Deux masses accrochées au mur.

Au mur, quatre outils sont proposés pour aider à la destruction des objets : masses, bâton de baseball et levier de démolition.

Photo : Radio-Canada / Geneviève Proulx

Selon lui, l'activité n'a que du positif pour les gens qui vivent des tensions, peu importe lesquelles. C'est vraiment bon pour les gens en fin de session, pour les étudiants qui sont super stressés. Si t'as perdu ta job, tu te sépares, c'est une bonne option pour te défouler, donne-t-il en exemple.

Les participants reçoivent tout un arsenal de trucs à détruire : un gros et deux petits appareils électroniques, comme une imprimante, une petite télévision, des lecteurs DVD, un téléphone, une cafetière. Et une tonne de vaisselle.

Une jeune femme s'apprête à lancer une bouteille de verre au mur.

Gabrielle Nadeau se défoule grandement en lançant des bouteilles de verre au mur.

Photo : Radio-Canada

Gabrielle Nadeau, 20 ans, en est à sa deuxième visite dans cette salle de démolition située dans l'est de Sherbrooke. Le cœur brisé, elle a vu là une bonne façon de passer à travers sa peine. Ça m'a permis de tout sortir le méchant. C'est rare que tu es chez vous et que tu vas te mettre à briser tes affaires ou à lancer une bouteille de vitre sur le mur. C'est libérateur. Tu peux faire tout ce que tu veux. Tout se pète, alors tu peux transférer ta colère dans ton lancer ou dans ce que tu vas détruire.
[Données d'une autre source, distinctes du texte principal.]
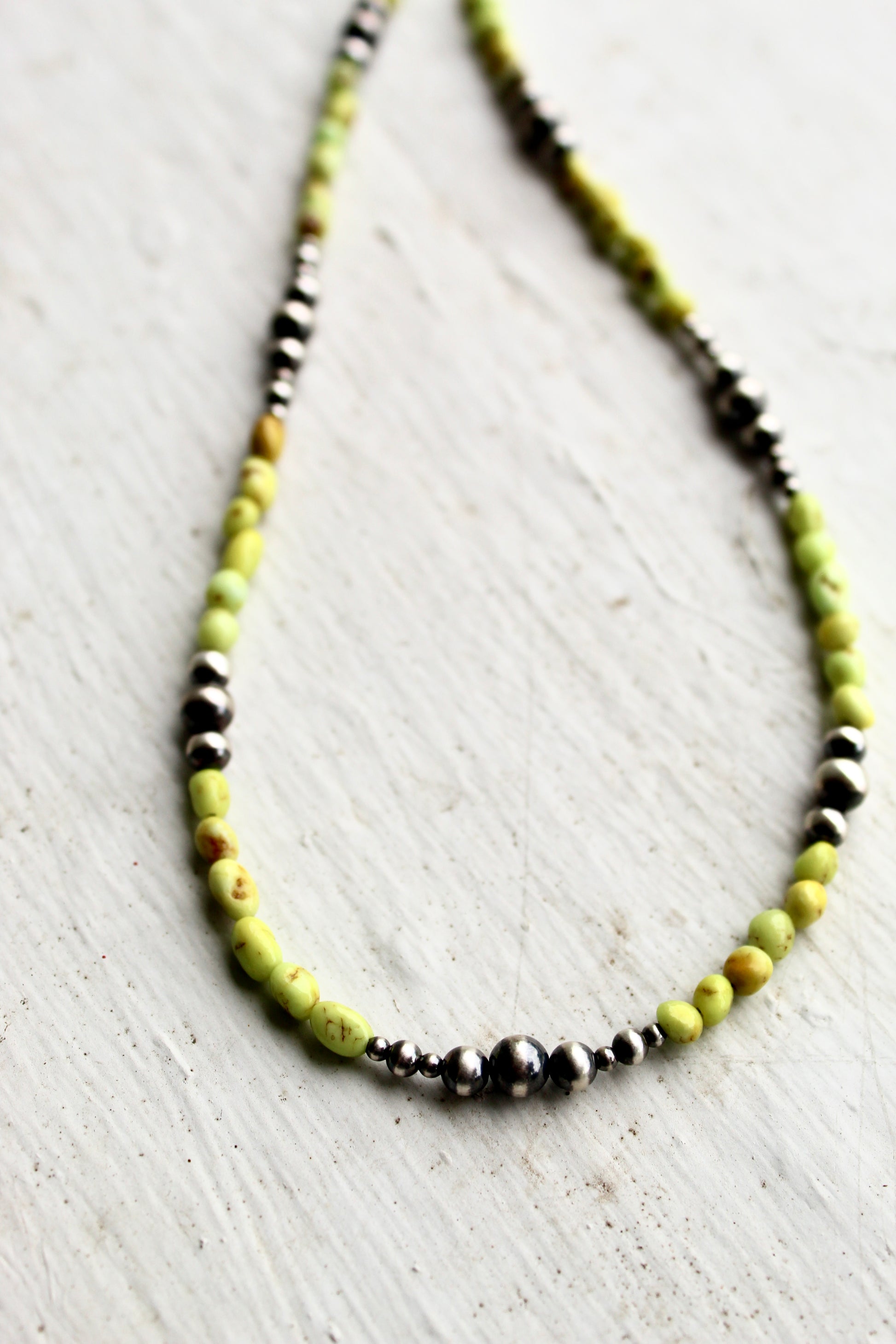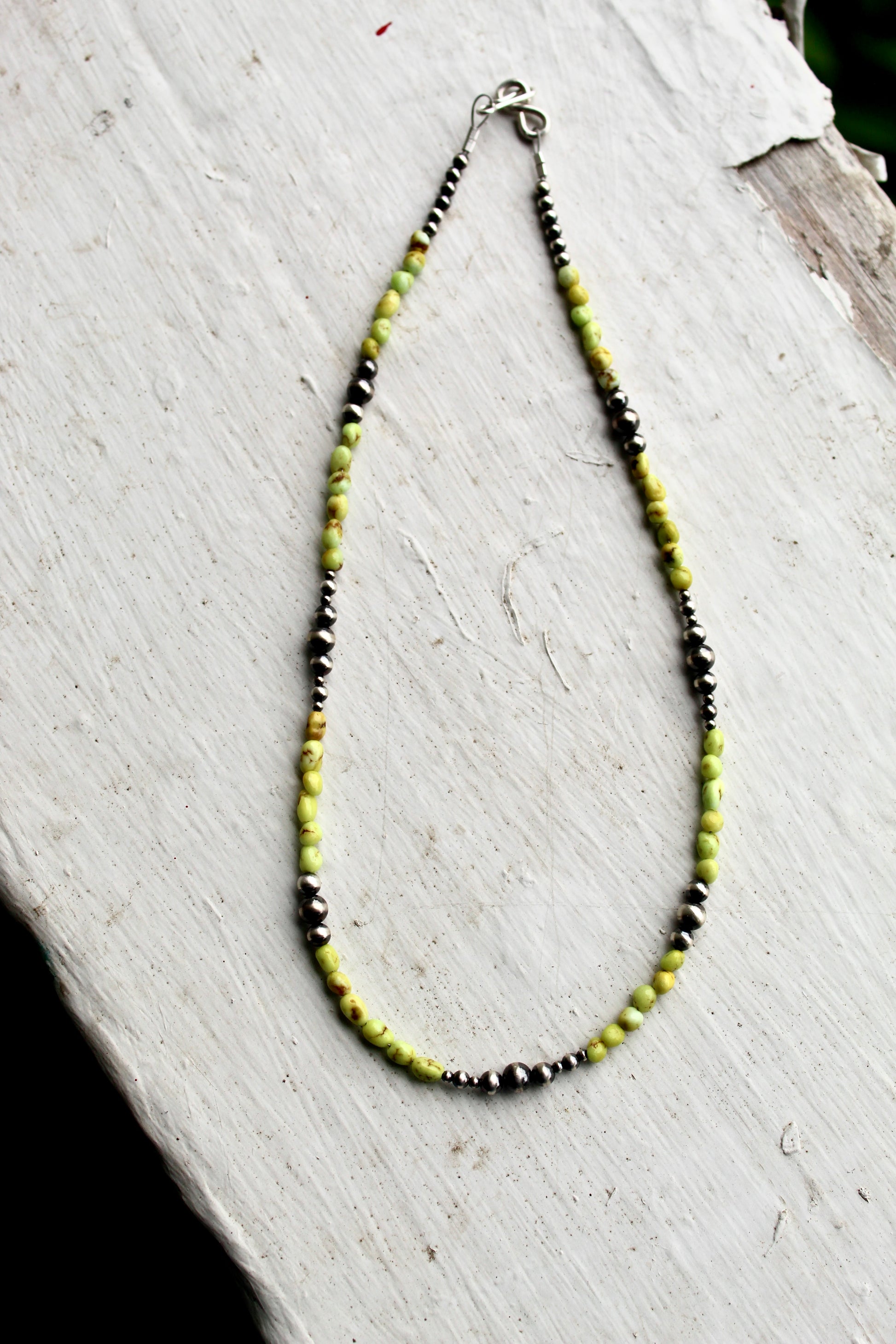16” Palomino Variscite with a variation of 2mm-6mm sterling silver pearls

En riant, Gabrielle avoue que c'est à son ex-copain qu'elle pense quand elle frappe avec une barre de fer sur la cafetière. J'ai tout mis ma colère là-dedans, et personne ne voyait ce que j'avais dans ma tête!

Il n'y a pas que les jeunes qui s'adonnent aux séances de démolition. Il y a même des personnes de l'âge d'or qui viennent. Toute leur vie, on leur a dit qu'il ne fallait pas briser de la vaisselle. Enfin, elles peuvent lancer une assiette dans le mur! Ce ne sont pas juste les Grecs qui peuvent lancer des assiettes par terre! Tout le monde peut le faire, dit M. Deladurantaye.

Des dizaines d'objets détruits au sol.

Les objets pouvant être détruits sont nombreux : cafetière, ordinateur, vaisselle... Une fois démolis, ils seront triés par matière et envoyés à l'écocentre.

Photo : Radio-Canada

On n'oublie pas l'environnement

Plusieurs pourraient voir dans cette activité une façon pas très écolo de se défouler. Le propriétaire se fait toutefois rassurant. Une fois les objets détruits, l'entreprise s'assure de bien les trier et les apporte à l'écocentre. On a le pouce vert. On veut que les produits soient bien récupérés.

Il est aussi possible d'apporter ses propres objets que l'on destinait à la poubelle. Une autre façon de réutiliser ses vieux appareils, qui est bonne pour l'environnement - et sa santé mentale!